Exercise inputs:
+--
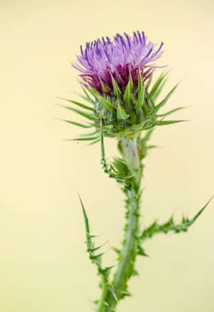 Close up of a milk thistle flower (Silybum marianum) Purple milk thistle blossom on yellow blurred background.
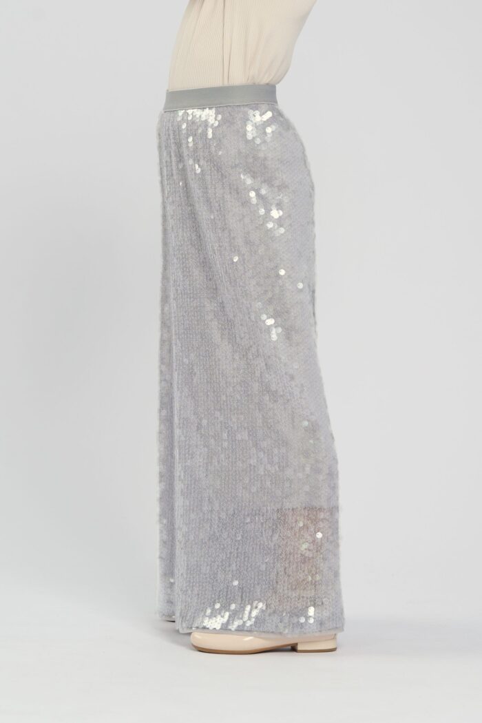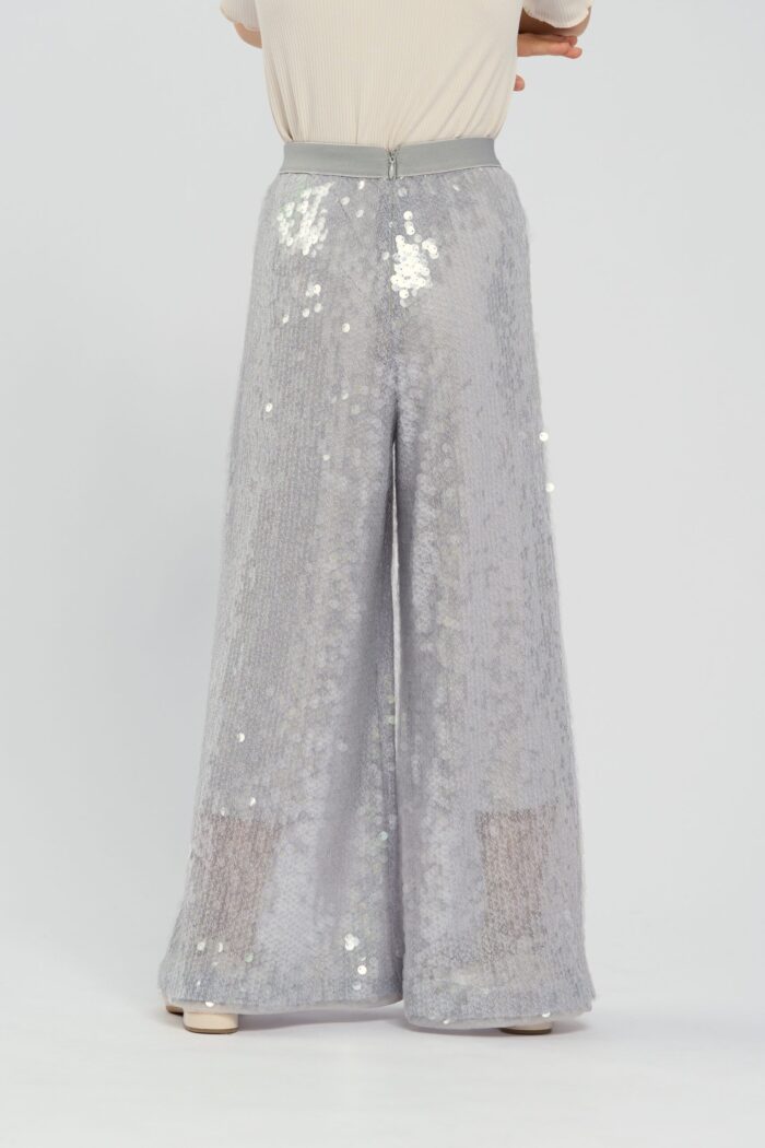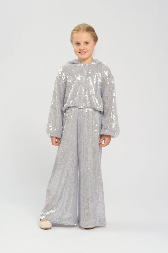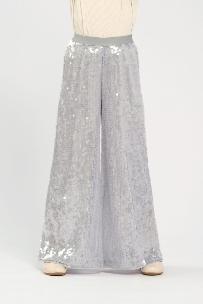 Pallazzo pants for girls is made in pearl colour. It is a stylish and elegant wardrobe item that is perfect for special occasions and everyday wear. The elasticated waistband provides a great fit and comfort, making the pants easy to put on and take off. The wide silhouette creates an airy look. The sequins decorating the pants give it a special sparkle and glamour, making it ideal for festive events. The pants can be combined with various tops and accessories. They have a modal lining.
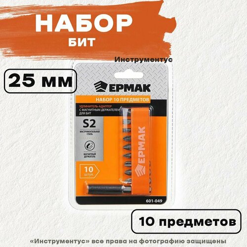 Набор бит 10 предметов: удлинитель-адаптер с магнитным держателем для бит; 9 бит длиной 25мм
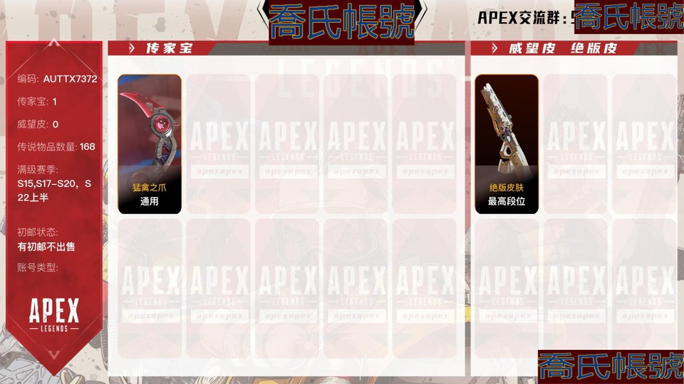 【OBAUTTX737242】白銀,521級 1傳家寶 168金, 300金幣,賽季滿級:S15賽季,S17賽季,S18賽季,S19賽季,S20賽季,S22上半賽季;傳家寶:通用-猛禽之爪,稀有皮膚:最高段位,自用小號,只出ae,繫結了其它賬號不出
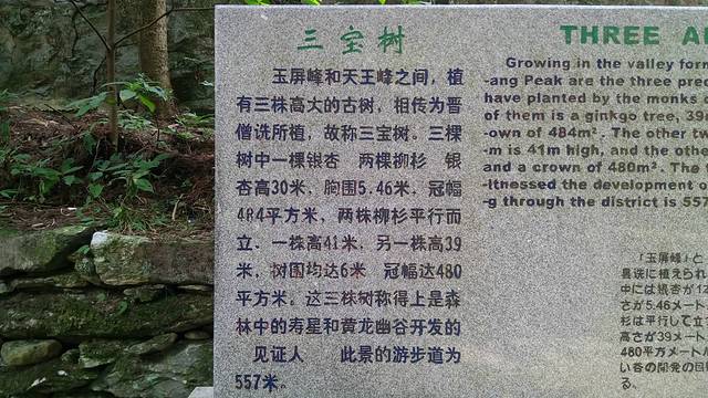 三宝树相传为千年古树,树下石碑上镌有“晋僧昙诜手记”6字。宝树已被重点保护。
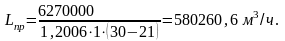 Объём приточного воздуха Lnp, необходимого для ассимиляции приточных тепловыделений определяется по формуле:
+--
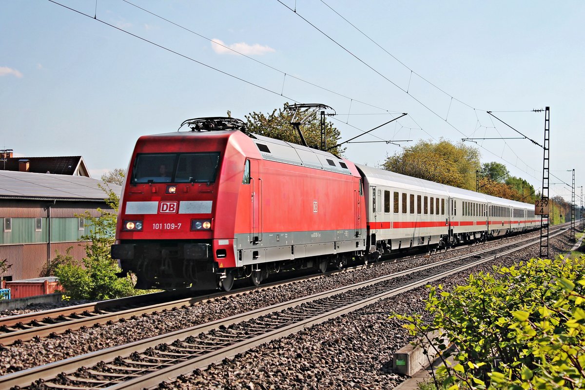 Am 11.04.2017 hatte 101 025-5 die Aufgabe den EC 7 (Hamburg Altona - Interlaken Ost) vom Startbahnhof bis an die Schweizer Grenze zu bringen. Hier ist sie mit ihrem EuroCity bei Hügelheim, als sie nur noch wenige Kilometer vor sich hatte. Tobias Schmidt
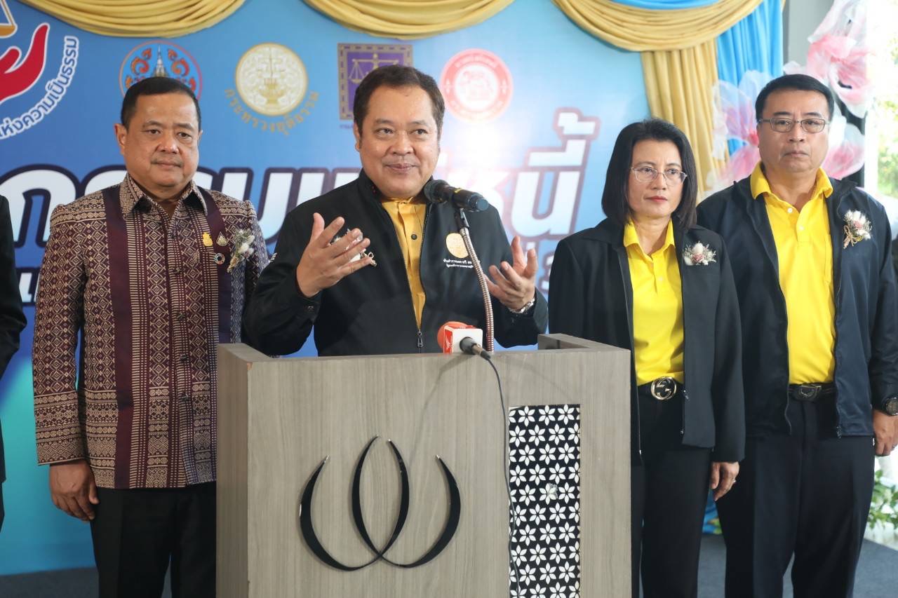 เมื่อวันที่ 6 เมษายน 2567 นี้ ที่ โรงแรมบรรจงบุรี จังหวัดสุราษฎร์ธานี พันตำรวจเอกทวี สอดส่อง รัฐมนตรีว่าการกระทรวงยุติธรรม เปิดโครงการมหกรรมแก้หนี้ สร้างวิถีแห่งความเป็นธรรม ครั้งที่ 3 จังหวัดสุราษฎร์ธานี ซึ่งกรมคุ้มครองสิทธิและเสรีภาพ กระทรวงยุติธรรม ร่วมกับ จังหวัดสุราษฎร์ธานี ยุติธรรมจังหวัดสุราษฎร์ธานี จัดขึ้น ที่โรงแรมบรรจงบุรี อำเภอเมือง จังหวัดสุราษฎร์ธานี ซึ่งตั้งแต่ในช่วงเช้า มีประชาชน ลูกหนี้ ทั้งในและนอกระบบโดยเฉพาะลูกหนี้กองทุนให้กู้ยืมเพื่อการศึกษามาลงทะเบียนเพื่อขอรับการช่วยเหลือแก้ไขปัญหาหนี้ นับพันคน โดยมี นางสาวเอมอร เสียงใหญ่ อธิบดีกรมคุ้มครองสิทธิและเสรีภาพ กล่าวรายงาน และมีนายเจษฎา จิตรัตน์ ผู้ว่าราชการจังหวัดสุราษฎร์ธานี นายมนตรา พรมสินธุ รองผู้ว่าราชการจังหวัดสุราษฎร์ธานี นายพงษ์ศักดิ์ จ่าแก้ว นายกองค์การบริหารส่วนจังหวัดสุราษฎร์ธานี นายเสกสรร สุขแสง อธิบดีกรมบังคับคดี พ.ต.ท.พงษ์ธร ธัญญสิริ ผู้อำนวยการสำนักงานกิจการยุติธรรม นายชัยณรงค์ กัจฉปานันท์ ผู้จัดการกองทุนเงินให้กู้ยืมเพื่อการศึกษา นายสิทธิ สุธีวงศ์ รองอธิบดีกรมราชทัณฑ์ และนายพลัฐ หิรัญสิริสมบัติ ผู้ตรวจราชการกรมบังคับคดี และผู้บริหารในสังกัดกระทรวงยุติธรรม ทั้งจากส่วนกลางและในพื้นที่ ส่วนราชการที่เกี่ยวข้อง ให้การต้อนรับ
+--
What is expected: Using the entries above, write out exactly the lines from the one with "Close up of" through the one with "Объём приточного воздуха", ends included. Leave out any pictures.

Expected answer:
 Close up of a milk thistle flower (Silybum marianum) Purple milk thistle blossom on yellow blurred background.
 Pallazzo pants for girls is made in pearl colour. It is a stylish and elegant wardrobe item that is perfect for special occasions and everyday wear. The elasticated waistband provides a great fit and comfort, making the pants easy to put on and take off. The wide silhouette creates an airy look. The sequins decorating the pants give it a special sparkle and glamour, making it ideal for festive events. The pants can be combined with various tops and accessories. They have a modal lining.
 Набор бит 10 предметов: удлинитель-адаптер с магнитным держателем для бит; 9 бит длиной 25мм
 【OBAUTTX737242】白銀,521級 1傳家寶 168金, 300金幣,賽季滿級:S15賽季,S17賽季,S18賽季,S19賽季,S20賽季,S22上半賽季;傳家寶:通用-猛禽之爪,稀有皮膚:最高段位,自用小號,只出ae,繫結了其它賬號不出
 三宝树相传为千年古树,树下石碑上镌有“晋僧昙诜手记”6字。宝树已被重点保护。
 Объём приточного воздуха Lnp, необходимого для ассимиляции приточных тепловыделений определяется по формуле:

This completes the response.